Kötü Yağlar: Yağdan korkmanıza gerek yok. İyi yağlar vücudunuz için vazgeçilmez bir ihtiyacı olsa da, kötü yağların vücudunuza yaptığı etkiler dehşet verici. Mısır yağı gibi ağır kızartma yağlarını, kimyasal içeren margarinleri ve tabii ki kızarmış yiyecekleri artık hayatınızdan çıkarmanın vakti geldi.
İyi yağlar hakkında daha fazla bilgiye sahip olmak için bu içeriğimize bir göz atabilirsiniz.
Yapay Tatlandırıcılar: Aspartam, splenda, sukraloz, sorbitaol vb… Tatlandırıcılar kalori sahibi olmasa da, biliminsanları bu kimyasalların bizi daha fazla açlığa ittiğini, metobolizmamızı yavaşlattığını ve karın yağlarına sebep olduğunu savunuyor.
Bu konu hakkında daha fazla bilgiye buradan ulaşabilirsiniz.
4. Adım: Tazelenin
Artık sağlıksız yiyecekleri mutfaktan çıkardığımıza göre, taze ve sağlıklı yiyecekleri almanın vakti geldi.
Taze Mahsüller: Nişasta içermeyen sebzeler, antioksidan kaynağı dutlar, uzun ömürlü kuruyemişler.
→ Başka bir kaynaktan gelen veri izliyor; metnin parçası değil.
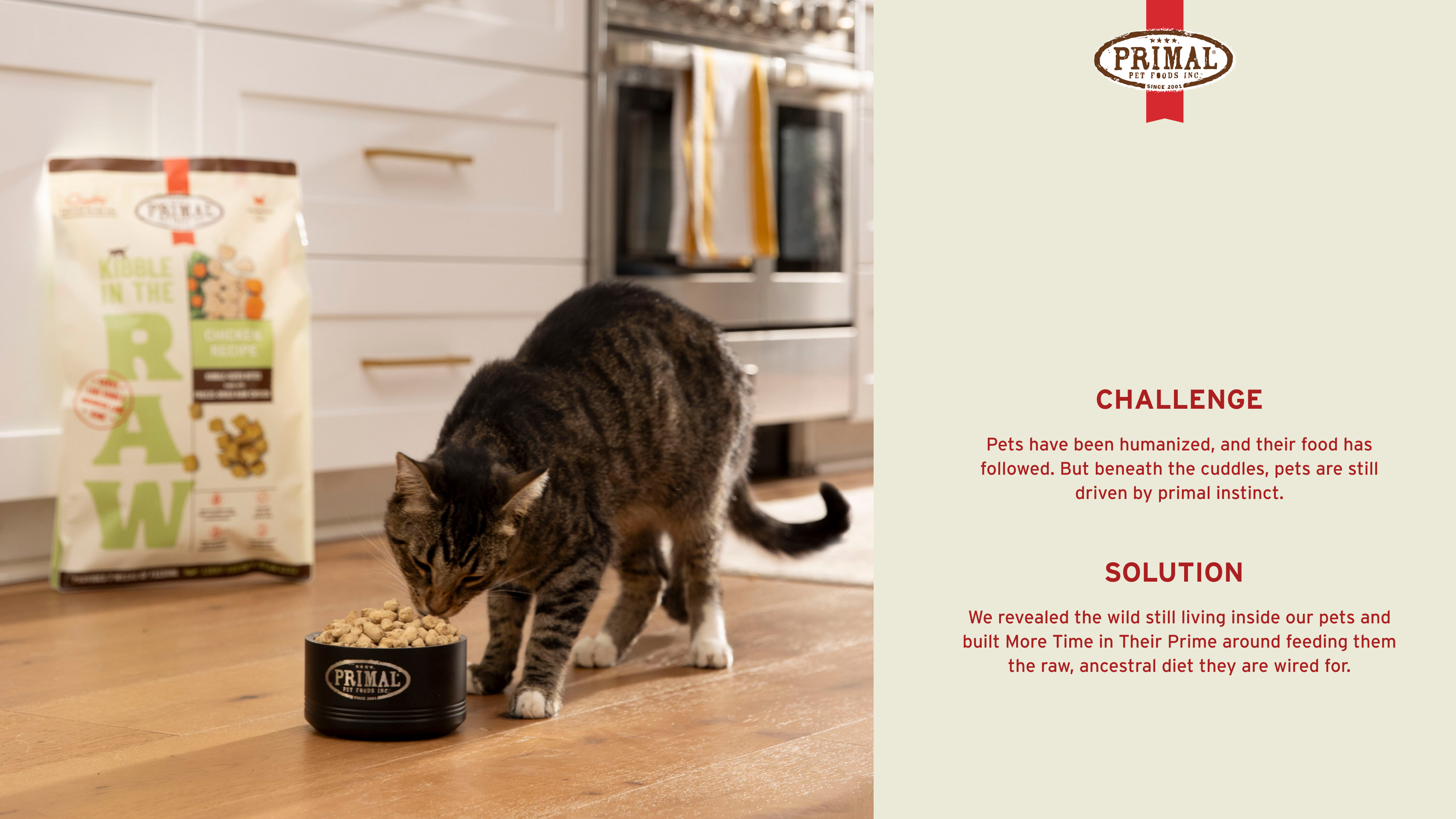 In a category full of claims and confusion, the campaign helped Primal take a simple, unmistakable stand: pets thrive on the diet they were built for—and that’s how you get more time in their prime.

Eğer mümkünse, organik, mevsiminde ve yerel yiyecekleri tercih edin.
Organik pazarlar, tüketici kooperatifleri ile iletişime geçebilir, hatta bazı sebze ve meyveleri kendiniz bile yetiştirebilirsiniz.
Sağlıklı beslenme ile ilgili içeriklerimize buradan göz atabilirsiniz.
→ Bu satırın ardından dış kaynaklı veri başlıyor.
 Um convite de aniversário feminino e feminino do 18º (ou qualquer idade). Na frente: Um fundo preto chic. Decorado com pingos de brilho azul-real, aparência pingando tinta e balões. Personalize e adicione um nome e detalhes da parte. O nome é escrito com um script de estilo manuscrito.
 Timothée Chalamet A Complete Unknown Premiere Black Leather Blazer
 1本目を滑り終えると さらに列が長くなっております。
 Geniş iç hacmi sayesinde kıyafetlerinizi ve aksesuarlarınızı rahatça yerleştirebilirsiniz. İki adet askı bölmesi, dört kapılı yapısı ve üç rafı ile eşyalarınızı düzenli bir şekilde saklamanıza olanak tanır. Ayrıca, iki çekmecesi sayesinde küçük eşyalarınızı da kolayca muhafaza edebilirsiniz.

Baharatlar, Şifalı otlar, Çeşniler: Kendinizin yetiştirebileceği veya güvendiğiniz kaynaklardan temin edebileceğiniz bu tat güçlendiricilerin değerini zaten Anadolu mutfağı da çok yakından tanıyor.
Sebzeleriniz ve diğer yiyecekleriniz ile yapacağınız yemeklerin en yakın dostu bu 3’lü olacaktır.
Protein: Et tüketiminin çevreye verdiği zararın yanında etik kısmı da detaylı olarak tartışılmakta. “Proteini ne yapacağız peki” diyenlerin hemen ete koşmasına gerek yok bu içeriklerimizde protein içeren sebze meyvelere göz atabilir, karbon ayakizinizi ve vicdanınızı rahatlatabilirsiniz.